What is required:
From the entries below, reproduce exactly the lines from the one with "学习结束后,同学们踊跃分享体" through the one with "Şık Tek Omuz", both included, without images.

Data records:
--------------------------------

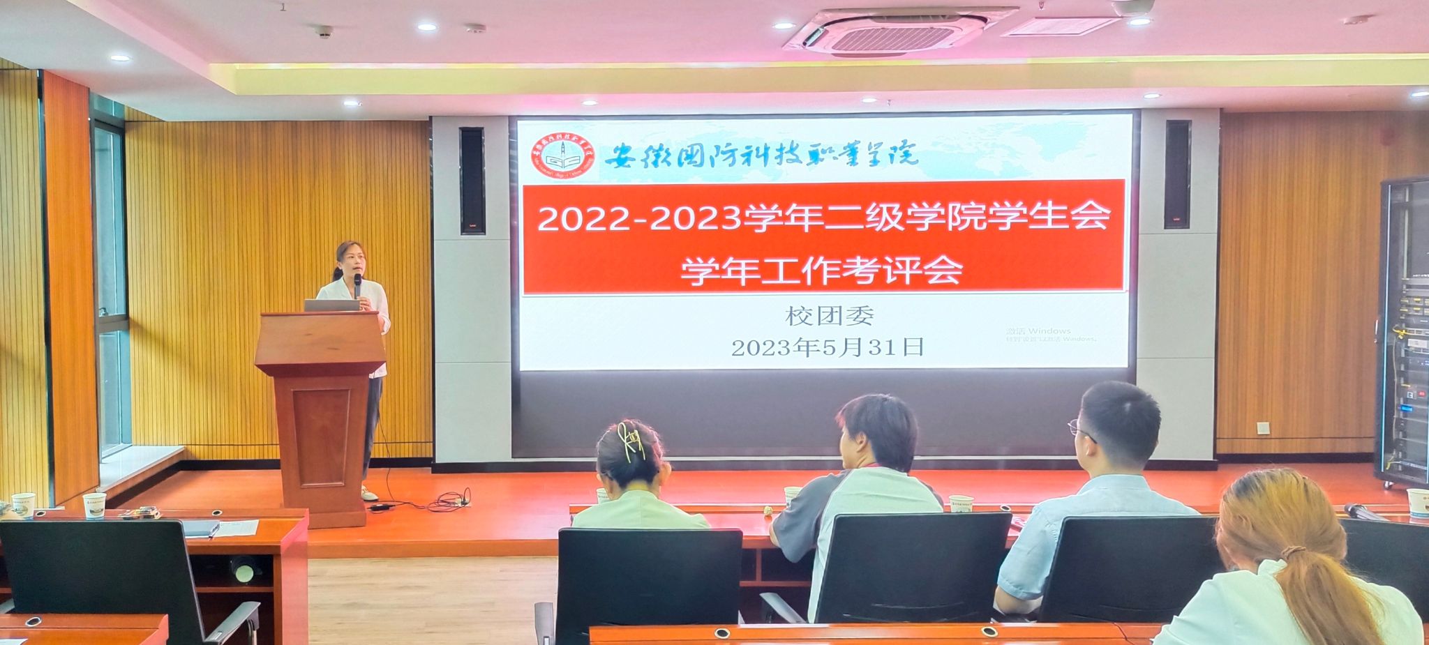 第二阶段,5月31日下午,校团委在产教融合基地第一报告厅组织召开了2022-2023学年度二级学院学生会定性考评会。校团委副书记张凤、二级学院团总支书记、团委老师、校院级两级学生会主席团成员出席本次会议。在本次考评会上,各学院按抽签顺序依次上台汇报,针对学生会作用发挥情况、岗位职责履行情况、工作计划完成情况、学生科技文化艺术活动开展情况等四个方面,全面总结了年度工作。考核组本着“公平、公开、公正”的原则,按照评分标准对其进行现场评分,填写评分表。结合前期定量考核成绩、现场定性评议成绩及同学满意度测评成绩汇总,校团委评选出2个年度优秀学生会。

--------------------------------

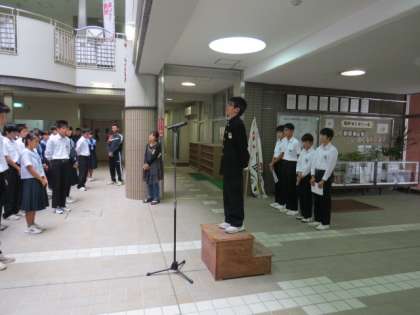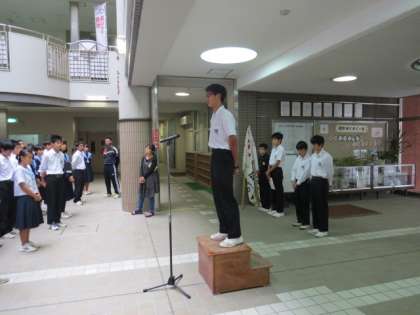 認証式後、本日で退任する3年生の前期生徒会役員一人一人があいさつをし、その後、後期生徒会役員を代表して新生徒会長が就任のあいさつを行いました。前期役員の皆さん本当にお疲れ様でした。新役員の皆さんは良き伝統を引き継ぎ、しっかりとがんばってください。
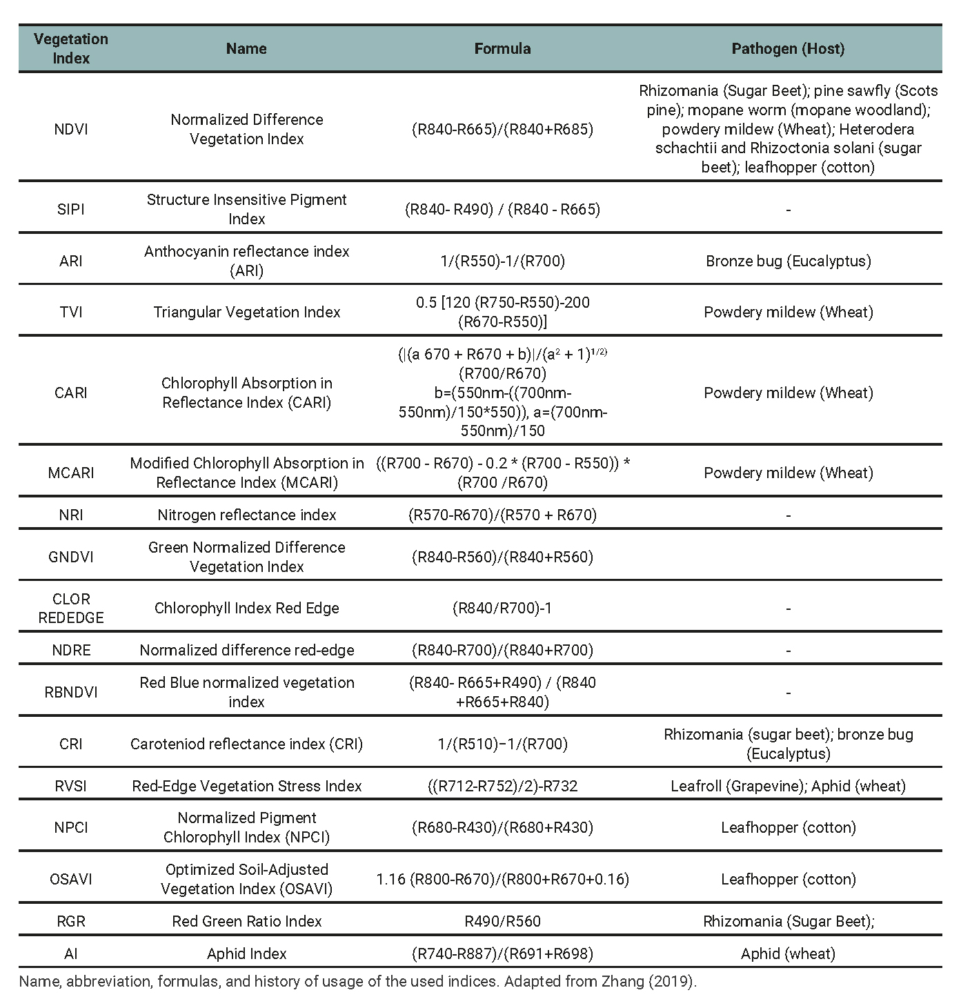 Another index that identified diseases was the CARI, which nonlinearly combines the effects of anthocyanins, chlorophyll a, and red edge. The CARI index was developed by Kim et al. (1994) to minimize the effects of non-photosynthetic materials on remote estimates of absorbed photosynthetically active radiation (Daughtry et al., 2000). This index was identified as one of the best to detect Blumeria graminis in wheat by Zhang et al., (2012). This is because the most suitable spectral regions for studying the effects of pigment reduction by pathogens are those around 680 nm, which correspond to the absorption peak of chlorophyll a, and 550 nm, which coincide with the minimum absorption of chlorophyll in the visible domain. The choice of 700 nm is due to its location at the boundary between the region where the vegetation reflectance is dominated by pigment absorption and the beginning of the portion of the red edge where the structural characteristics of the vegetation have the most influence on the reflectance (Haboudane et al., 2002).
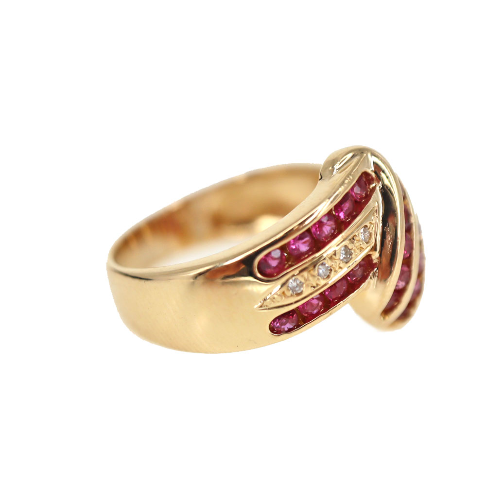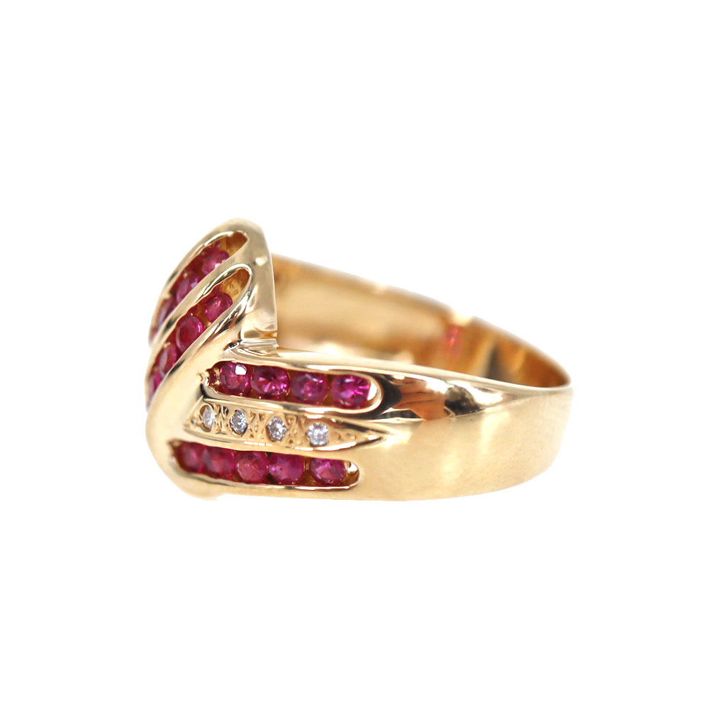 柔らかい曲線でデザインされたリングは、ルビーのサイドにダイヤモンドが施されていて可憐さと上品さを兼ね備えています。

--------------------------------

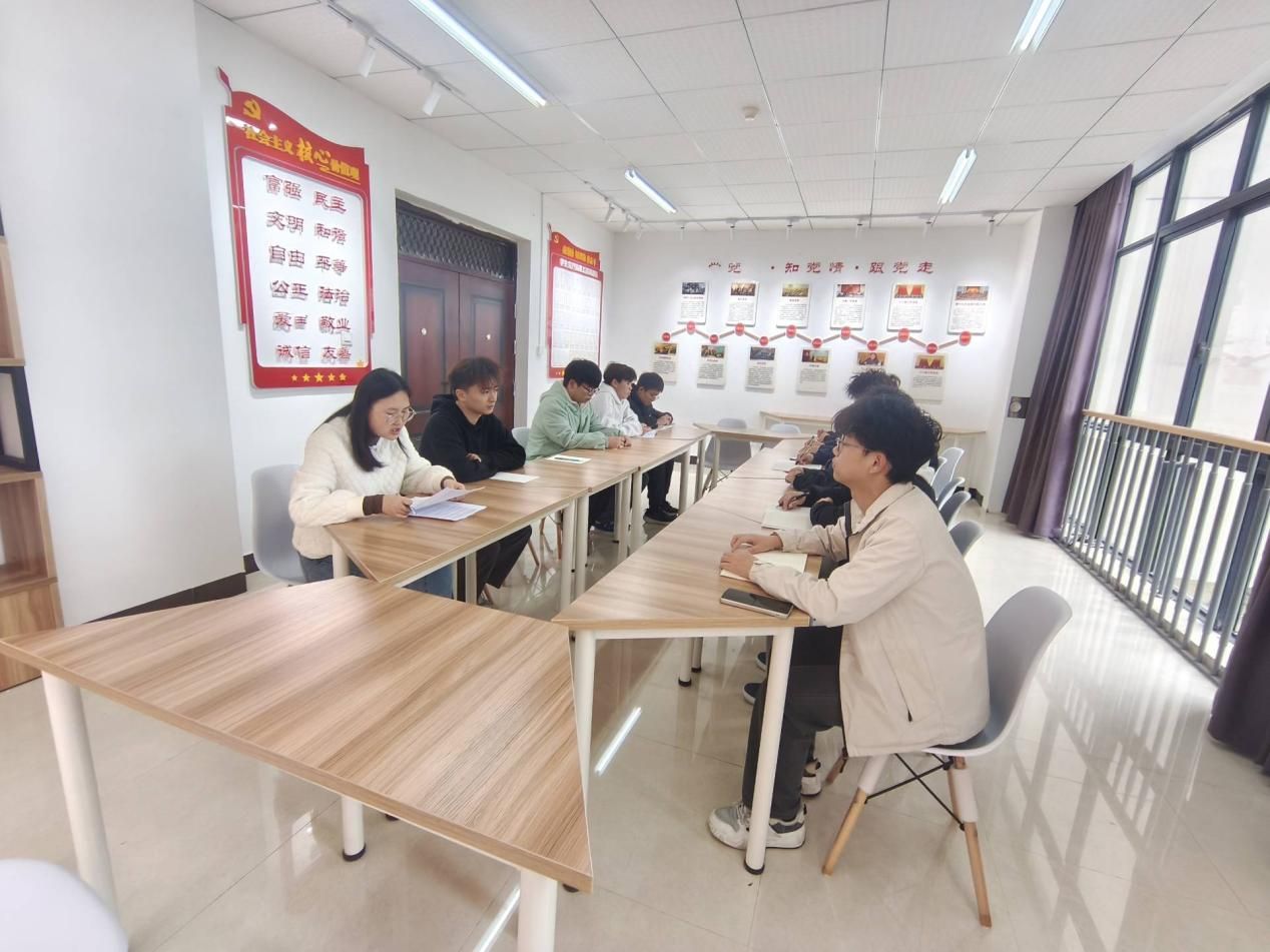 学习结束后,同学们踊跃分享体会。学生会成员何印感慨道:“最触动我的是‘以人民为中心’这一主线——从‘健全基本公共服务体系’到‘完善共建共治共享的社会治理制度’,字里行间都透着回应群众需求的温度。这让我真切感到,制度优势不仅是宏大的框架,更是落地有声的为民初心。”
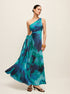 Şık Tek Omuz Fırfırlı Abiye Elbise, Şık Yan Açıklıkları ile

--------------------------------

Result for this task:
 学习结束后,同学们踊跃分享体会。学生会成员何印感慨道:“最触动我的是‘以人民为中心’这一主线——从‘健全基本公共服务体系’到‘完善共建共治共享的社会治理制度’,字里行间都透着回应群众需求的温度。这让我真切感到,制度优势不仅是宏大的框架,更是落地有声的为民初心。”
 Şık Tek Omuz Fırfırlı Abiye Elbise, Şık Yan Açıklıkları ile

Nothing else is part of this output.